Europe’s data protection supervisor predicts trouble abroad and at home for U.S. AI companies that run afoul of GDPR.
Europe’s data watchdog, Wojciech Wiewiórowski, predicts a sour predicament for United States-based artificial intelligence (AI) companies currently being investigated for alleged General Data Protection Regulation (GDPR) violations.
During a recent interview, Wiewiórowski told the MIT Technology Review that the fast pace of development in the AI space means data protection regulators should be prepared for another scandal, invoking the Cambridge Analytica situation for reference.
Wiewiórowski’s comments come after a tumultuous week for leading AI outfit OpenAI, creator of the massively popular GPT suite of products and services. The company’s suite of GPT services has been outright banned in Italy pending further information about its intent and ability to comply with GDPR, with similar actions pending in Ireland, France and Germany.

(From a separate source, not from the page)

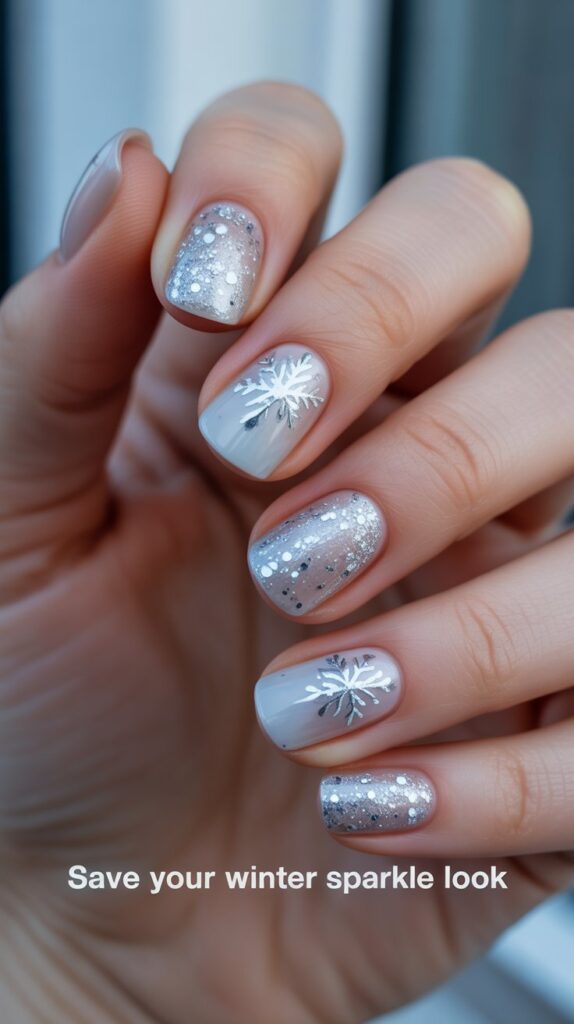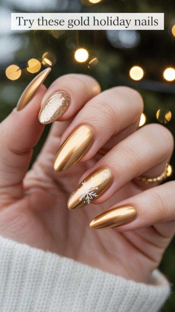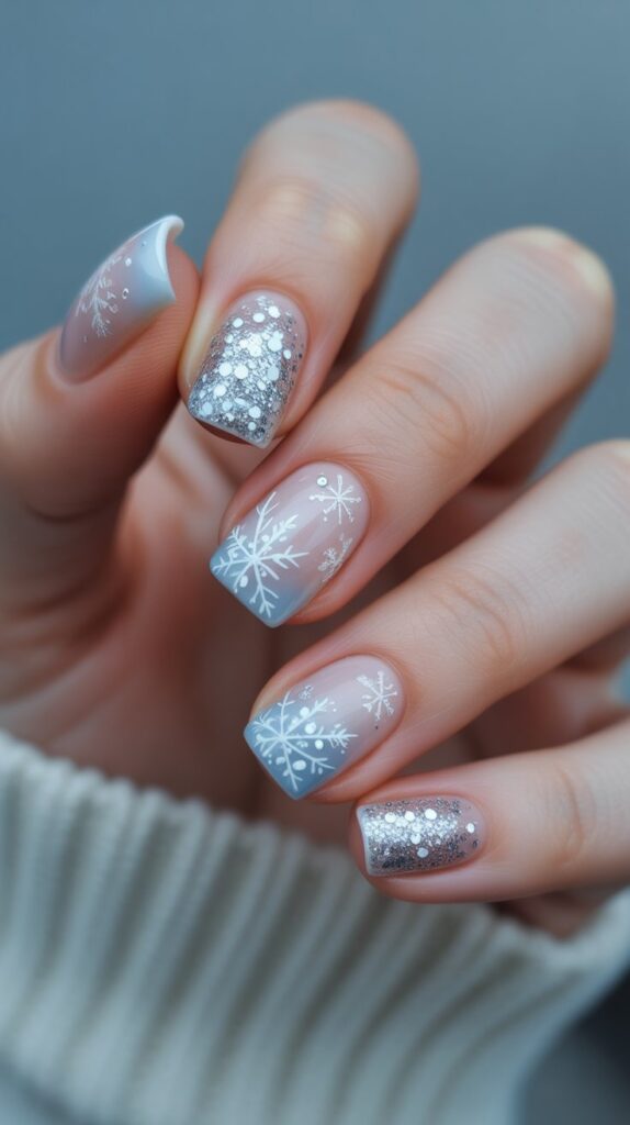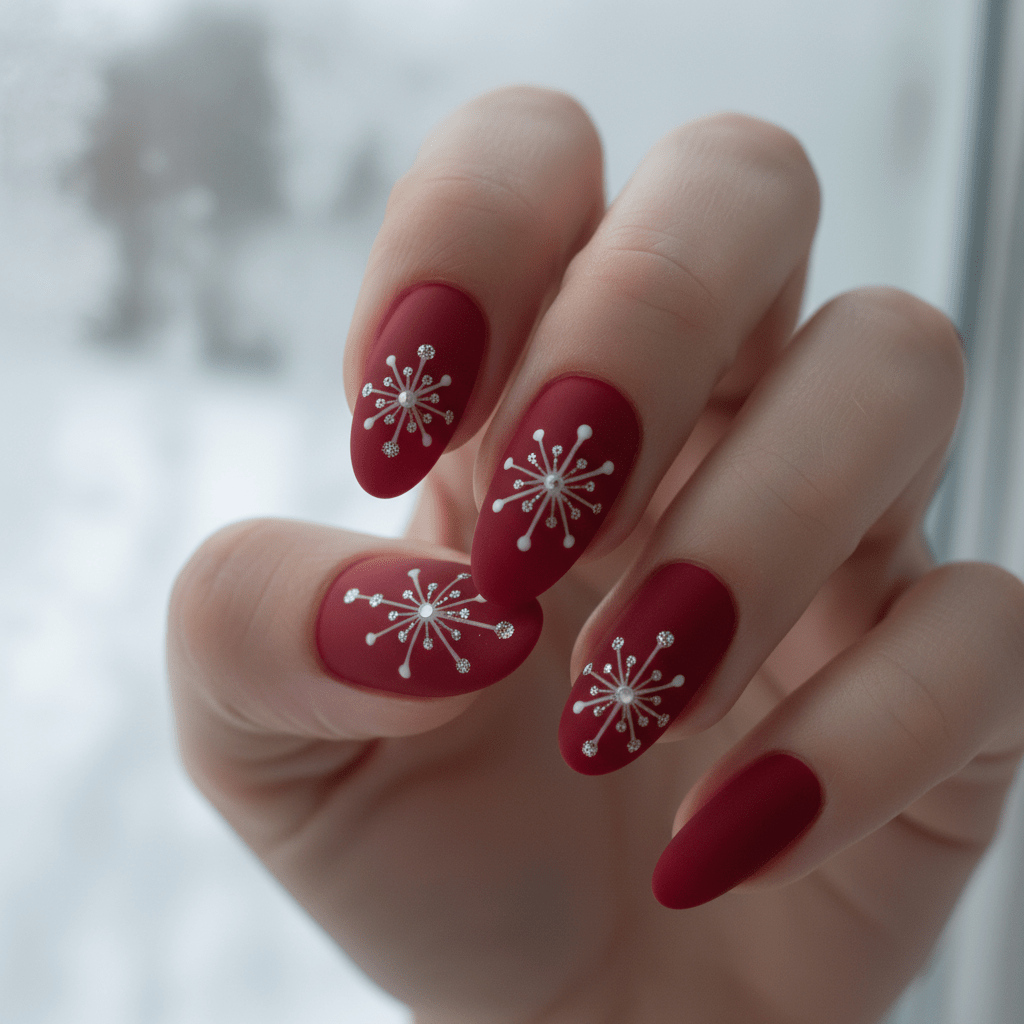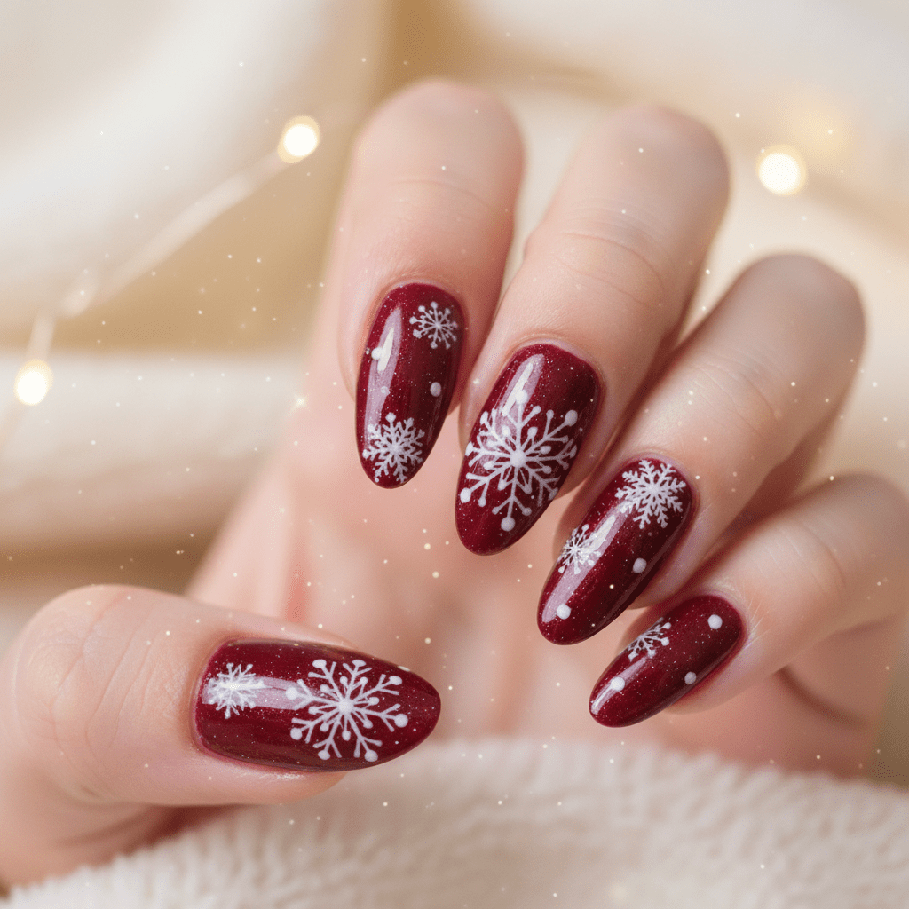 Dark crimson nails have a richness that instantly feels like winter, and they look even better on an almond shape. The deep red base creates a warm, luxurious backdrop for fine white snowflakes that stand out without overpowering the look. Adding a soft shimmer or micro-glitter gives the design a touch of movement, almost like fresh snow catching the light. It’s a style that works for any December moment, whether you’re heading to a cozy family gathering or dressing up for a formal holiday party.
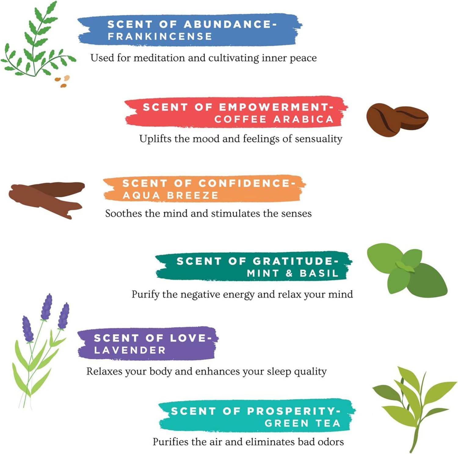 - Fragrance Notes β This incense pack combines uplifting earthy notes with floral undertones with fragrances like Frankincense insense, Coffee inscents, Aqua Breeze, Mint and Basil, Lavender insences, Green Tea Inscents-Sticks. Suitable for meditation rooms, bedrooms, living areas, and even office spaces.

According to the European Union data watchdog, OpenAI currently finds itself between a European rock and a U.S. hard place, legally speaking. As regulators in the EU look to crack down, U.S. lawmakers could be eyeing the European prescription as a possible local template. Said Wiewiórowski in the MIT Technology Review interview:
“The European approach is connected with the purpose for which you use the data. So when you change the purpose for which the data is used, and especially if you do it against the information that you provide people with, you are in breach of law.”
Under this premise, for example, OpenAI could find itself unable to deploy and operate models such as GPT-3.5 and GPT-4 due to how they are designed and trained. GDPR law requires that citizens in the EU be given the ability to opt out of data collection and, in the event a system outputs erroneous data, to have those errors corrected.

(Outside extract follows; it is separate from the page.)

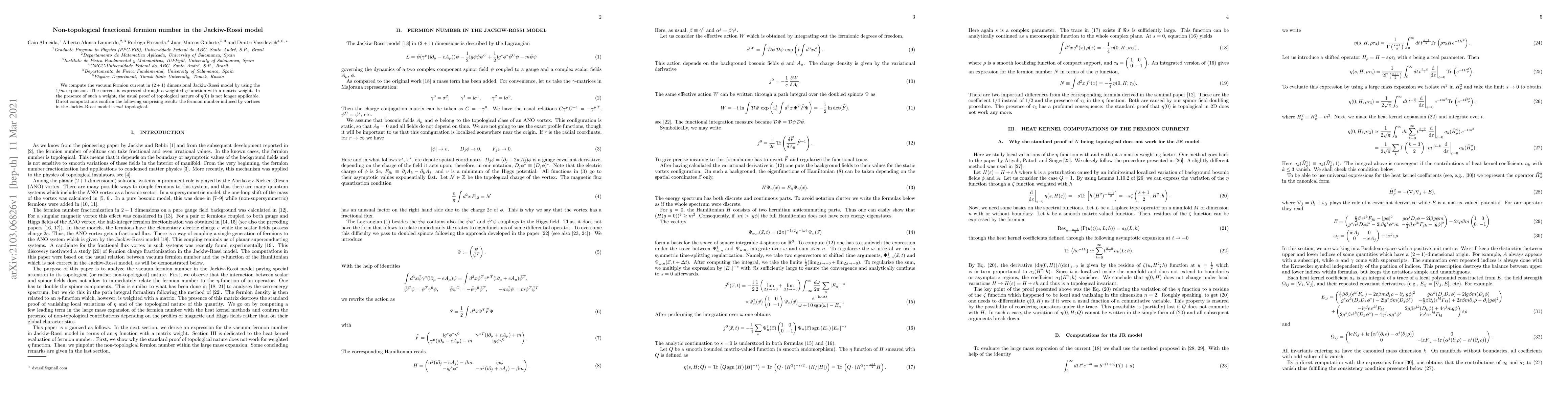 We compute the vacuum fermion current in $(2+1)$ dimensional Jackiw-Rossi model by using the $1/m$ expansion. The current is expressed through a weighted $\eta$-function with a matrix weight. In the presence of such a weight, the usual proof of topological nature of $\eta(0)$ is not longer applicable. Direct computations confirm the following surprising result: the fermion number induced by vortices in the Jackiw-Rossi model is \textit{not} topological.
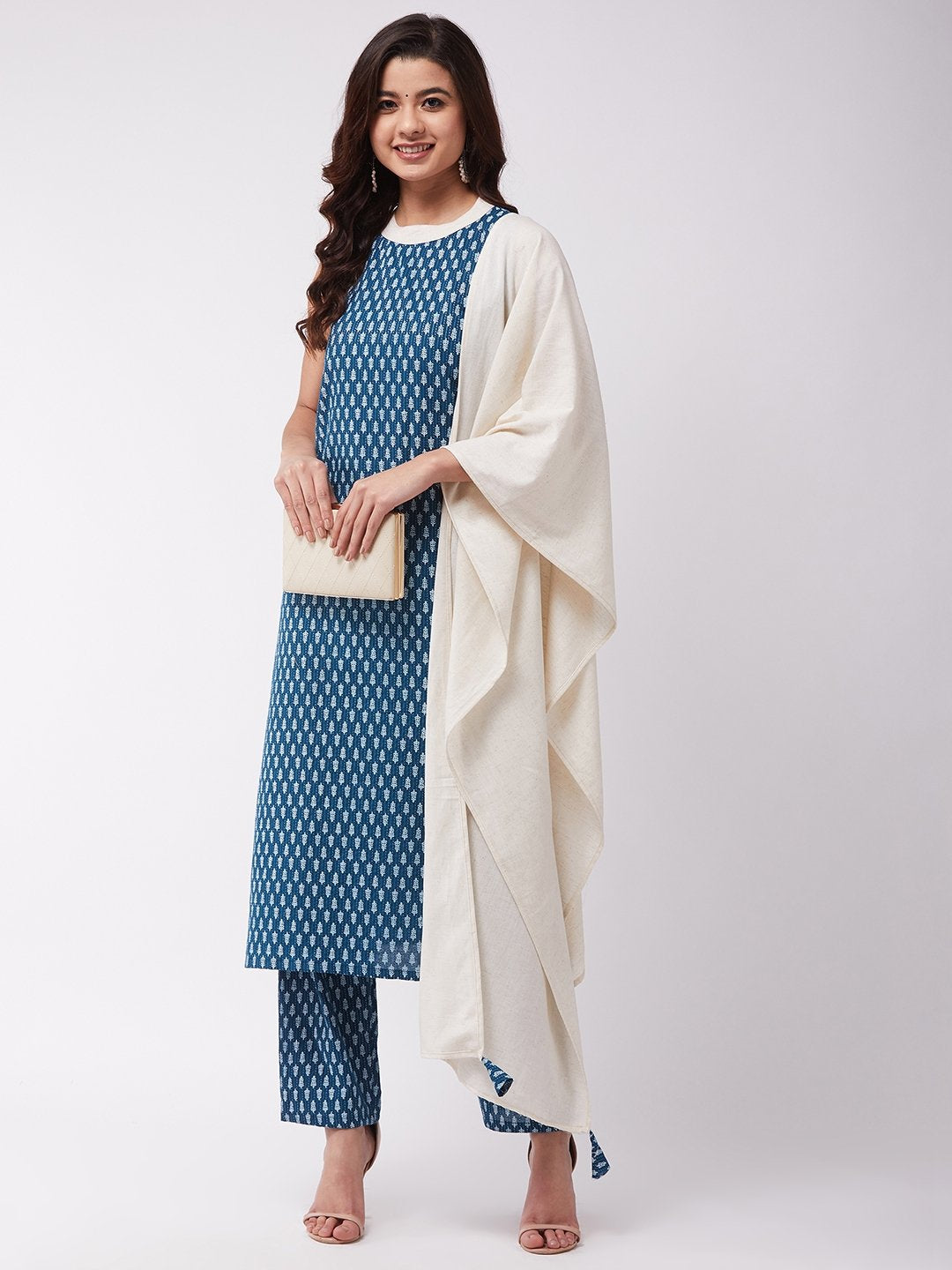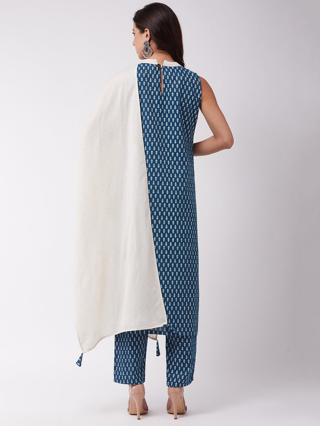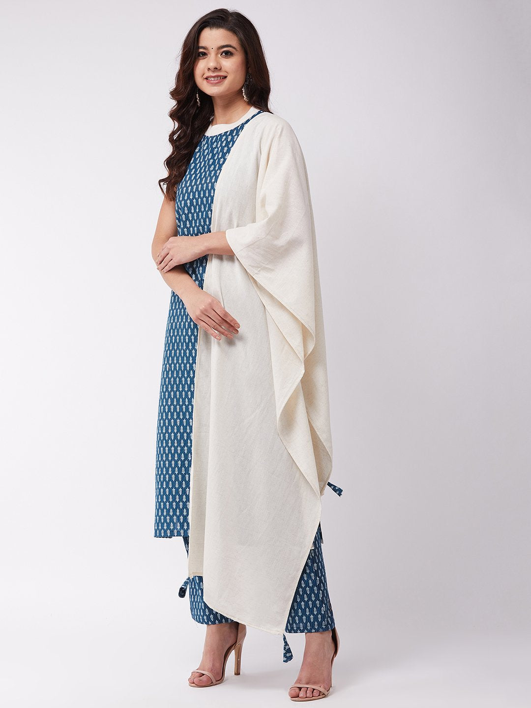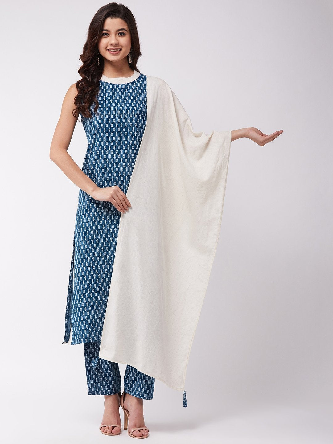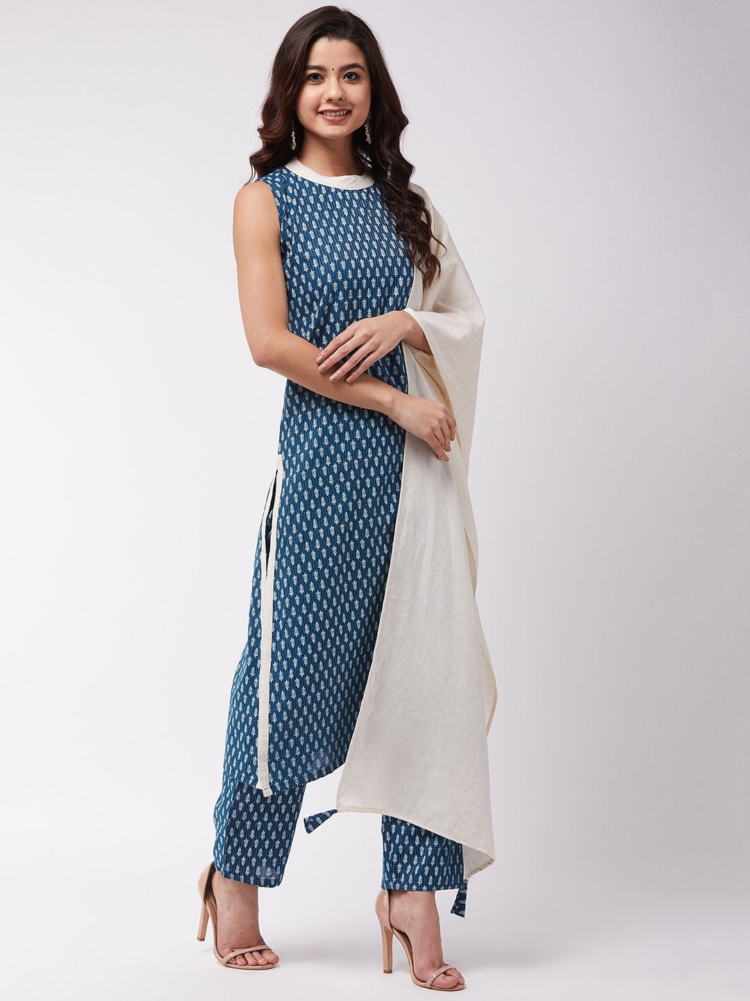 This season, try something new and quirky like this indigo blue halter neck kurta and pants set. Pair it with confidence and panache and do not forget your fave jhumkis.

However, some experts believe it will be next to impossible for developers to bring GPT and similar large language models (LLMs) in line with GDPR. One reason for this is that the data they’re trained on is often conflated, thus making individual data points inseparable from one another.

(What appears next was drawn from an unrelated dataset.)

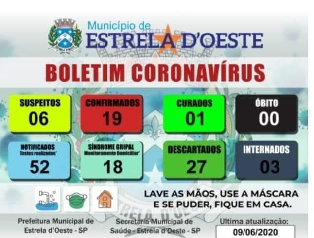 A Prefeitura de Estrela d'Oeste, município localizado a 16 quiolômetros de Fernandópolis, confirmou, por meio de um boletim epidemiológico, que foram registrados 19 casos positivos de coronavírus (covid-19).
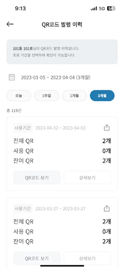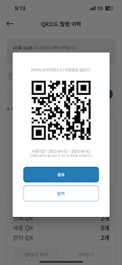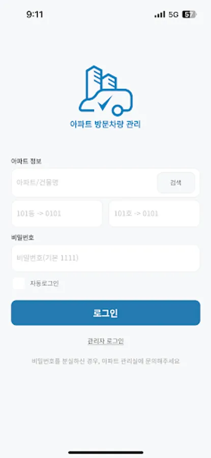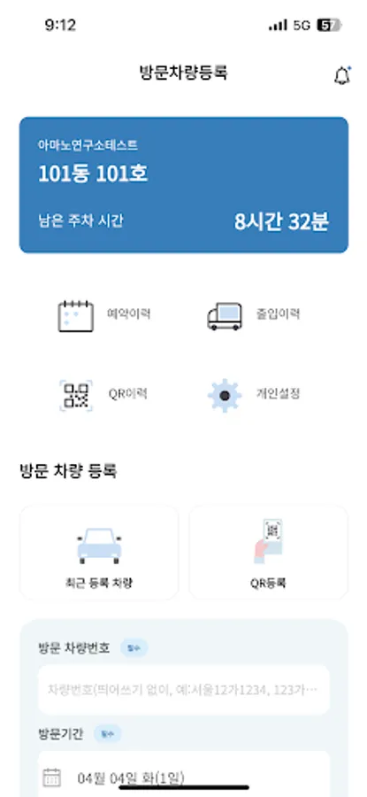 Amano Korea visiting vehicle management app. Reservation function for each household for visiting vehicles, easy entry function through QR code scanning, function to report unauthorized access vehicles when visiting households for unregistered vehicles, and after entering a 4-digit password without the need for a separate reservation by entering the passcode issuing kiosk password available

Wiewiórowski’s assessment, per the Technology Review article, is that this represents something like a worst-case scenario for companies such as OpenAI that allegedly rushed to deployment without a public plan to address privacy issues such as those regulated by GDPR.
Citing a “big player” in the tech market, the data watchdog quipped that “the definition of hell is European legislation with American enforcement.”
Related: OpenAI’s CTO says government regulators should be ‘very involved’ in regulating AI
OpenAI faces various official inquiries in Europe with deadlines approaching — April 30 in Italy, June 11 in Germany — and it remains unclear how the company intends to approach regulators’ privacy concerns.
Once again caught in the middle are those using products and services built on the back of the GPT API and other LLMs who, at this time, can’t be sure how much longer those models will be legally available.
An outright ban under GDPR could have devastating consequences for Europeans using LLMs to power their businesses and individual projects, especially in the fintech market, where cryptocurrency exchanges, analysts and traders have embraced the new technology.
And, in the U.S., where many of the most dominant cryptocurrency and blockchain companies are headquartered, a similar ban could be a massive blow to the financial sector.
As recently as April 25, analysts at financial services company JPMorgan Chase were saying that at least half of the gains in the S&P 500 index this year have been driven by ChatGPT.
If the U.S. takes up the European mantle and institutes privacy regulations in line with GDPR, both the traditional and cryptocurrency trading markets could face massive disruption.